“But before he starts to work, he’s got to be sure that you’ve really got his daughter and that she hasn’t been harmed.”
“The gal’s okay.”
Simon looked at him steadily.
“I have to see her myself. Then I’ll write him a note, which you can have delivered. I’ll tell you right now that it’ll have a code word in it, which is to prove that I really wrote it and that nobody was twisting my arm to make me say the right things.”
Unciello contemplated him with the immobility of a Buddha. Then his eyes switched to a point over the Saint’s head.
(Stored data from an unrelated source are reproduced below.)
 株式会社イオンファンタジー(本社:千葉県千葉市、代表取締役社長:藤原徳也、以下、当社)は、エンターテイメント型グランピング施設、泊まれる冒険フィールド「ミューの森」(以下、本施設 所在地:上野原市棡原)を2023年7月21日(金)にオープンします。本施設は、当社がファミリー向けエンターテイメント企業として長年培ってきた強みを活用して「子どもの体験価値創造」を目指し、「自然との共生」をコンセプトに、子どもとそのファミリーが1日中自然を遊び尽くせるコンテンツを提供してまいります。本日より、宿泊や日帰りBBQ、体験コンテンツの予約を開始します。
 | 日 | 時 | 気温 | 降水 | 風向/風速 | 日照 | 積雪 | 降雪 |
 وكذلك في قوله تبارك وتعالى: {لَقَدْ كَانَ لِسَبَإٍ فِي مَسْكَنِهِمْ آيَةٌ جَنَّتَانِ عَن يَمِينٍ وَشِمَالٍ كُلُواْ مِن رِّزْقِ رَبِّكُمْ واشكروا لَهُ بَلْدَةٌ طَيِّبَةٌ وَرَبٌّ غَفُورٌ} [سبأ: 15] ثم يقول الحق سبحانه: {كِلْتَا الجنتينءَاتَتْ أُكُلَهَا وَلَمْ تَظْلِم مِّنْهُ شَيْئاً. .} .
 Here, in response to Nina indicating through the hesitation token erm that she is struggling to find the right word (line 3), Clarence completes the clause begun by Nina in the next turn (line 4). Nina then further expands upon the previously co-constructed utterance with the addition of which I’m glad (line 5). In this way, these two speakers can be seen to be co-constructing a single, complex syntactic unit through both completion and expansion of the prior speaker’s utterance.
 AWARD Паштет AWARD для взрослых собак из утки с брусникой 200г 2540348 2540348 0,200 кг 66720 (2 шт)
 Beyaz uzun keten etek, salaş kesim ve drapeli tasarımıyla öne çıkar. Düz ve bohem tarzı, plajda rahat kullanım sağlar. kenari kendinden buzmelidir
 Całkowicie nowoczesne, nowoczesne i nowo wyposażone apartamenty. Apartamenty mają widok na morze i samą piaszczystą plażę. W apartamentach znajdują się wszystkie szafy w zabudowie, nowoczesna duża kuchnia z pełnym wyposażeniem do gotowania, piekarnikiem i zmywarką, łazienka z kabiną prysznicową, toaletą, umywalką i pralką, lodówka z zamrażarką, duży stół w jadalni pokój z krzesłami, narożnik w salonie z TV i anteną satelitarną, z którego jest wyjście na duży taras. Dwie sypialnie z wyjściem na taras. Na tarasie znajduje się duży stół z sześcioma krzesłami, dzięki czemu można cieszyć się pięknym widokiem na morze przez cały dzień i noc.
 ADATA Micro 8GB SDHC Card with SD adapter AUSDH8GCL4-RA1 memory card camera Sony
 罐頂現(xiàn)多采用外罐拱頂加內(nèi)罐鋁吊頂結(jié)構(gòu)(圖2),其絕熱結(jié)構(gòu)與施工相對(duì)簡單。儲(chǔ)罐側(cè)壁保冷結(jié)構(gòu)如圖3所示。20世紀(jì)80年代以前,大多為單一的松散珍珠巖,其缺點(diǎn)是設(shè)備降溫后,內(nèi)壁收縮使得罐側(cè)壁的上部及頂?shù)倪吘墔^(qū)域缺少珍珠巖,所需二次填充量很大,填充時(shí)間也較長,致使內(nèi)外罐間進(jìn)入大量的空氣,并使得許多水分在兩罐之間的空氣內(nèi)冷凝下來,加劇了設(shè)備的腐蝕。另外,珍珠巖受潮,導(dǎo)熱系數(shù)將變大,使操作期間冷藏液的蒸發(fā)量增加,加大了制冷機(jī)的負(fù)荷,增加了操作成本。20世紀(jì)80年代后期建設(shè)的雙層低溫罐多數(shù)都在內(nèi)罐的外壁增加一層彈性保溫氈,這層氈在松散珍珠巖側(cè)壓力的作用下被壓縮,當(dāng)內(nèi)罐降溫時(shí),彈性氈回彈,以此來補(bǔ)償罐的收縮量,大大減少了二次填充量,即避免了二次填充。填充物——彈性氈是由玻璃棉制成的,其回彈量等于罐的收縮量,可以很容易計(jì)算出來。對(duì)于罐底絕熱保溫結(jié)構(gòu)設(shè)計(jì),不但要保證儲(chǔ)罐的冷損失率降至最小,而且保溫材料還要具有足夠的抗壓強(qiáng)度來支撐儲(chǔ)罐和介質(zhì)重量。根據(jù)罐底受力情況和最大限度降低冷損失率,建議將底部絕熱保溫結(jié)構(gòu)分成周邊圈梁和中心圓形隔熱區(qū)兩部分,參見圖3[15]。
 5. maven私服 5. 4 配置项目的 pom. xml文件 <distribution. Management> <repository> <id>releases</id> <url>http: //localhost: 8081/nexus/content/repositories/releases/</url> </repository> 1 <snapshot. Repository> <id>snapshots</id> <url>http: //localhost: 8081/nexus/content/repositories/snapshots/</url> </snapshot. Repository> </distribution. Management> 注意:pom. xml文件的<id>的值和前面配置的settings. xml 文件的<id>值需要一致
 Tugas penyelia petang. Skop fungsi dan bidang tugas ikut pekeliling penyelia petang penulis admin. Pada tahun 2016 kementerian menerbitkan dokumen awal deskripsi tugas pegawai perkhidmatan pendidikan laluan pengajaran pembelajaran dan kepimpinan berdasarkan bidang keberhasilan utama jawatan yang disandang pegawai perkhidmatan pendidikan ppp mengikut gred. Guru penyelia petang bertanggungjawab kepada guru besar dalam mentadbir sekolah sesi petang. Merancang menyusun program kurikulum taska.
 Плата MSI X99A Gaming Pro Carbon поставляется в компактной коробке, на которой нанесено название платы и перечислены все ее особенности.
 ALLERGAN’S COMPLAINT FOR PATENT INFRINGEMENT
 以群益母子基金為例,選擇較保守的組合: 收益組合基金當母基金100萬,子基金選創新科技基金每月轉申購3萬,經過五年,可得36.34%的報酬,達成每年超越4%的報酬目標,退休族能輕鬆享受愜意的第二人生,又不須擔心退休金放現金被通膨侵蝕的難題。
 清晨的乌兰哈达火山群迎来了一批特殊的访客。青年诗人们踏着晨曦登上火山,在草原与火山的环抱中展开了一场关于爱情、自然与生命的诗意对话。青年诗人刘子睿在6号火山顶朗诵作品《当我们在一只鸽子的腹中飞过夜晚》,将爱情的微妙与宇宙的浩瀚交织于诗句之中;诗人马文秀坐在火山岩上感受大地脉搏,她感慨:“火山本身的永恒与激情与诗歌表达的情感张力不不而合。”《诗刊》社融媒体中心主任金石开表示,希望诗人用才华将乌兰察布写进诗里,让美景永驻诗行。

“ Mena la giovane,” he said.
The hoodlum who never spoke came around from behind the Saint’s chair and crossed the big room to disappear through one of the doors at the other end. Unciello smoked his cigar impassively. There was no idle conversation.
Presently the man who had left came back, and with him he brought Sue Inverest.
She was so exactly like Simon had seen her last, and as he remembered her, that for a moment it felt as if they were back in the Colosseum. Only in a strange dislocation of time they now seemed to belong rather with the expendables who had once stood on the floor of the arena, while a modern but no less vicious Nero squatted like a toad on his brocaded throne and held their lives in his hands. But the girl still carried her curly fair head high, and Simon smiled into her shocked gray eyes.
“Your father sent me to see if you were all right, Sue,” he said gently. “Have they hurt you?”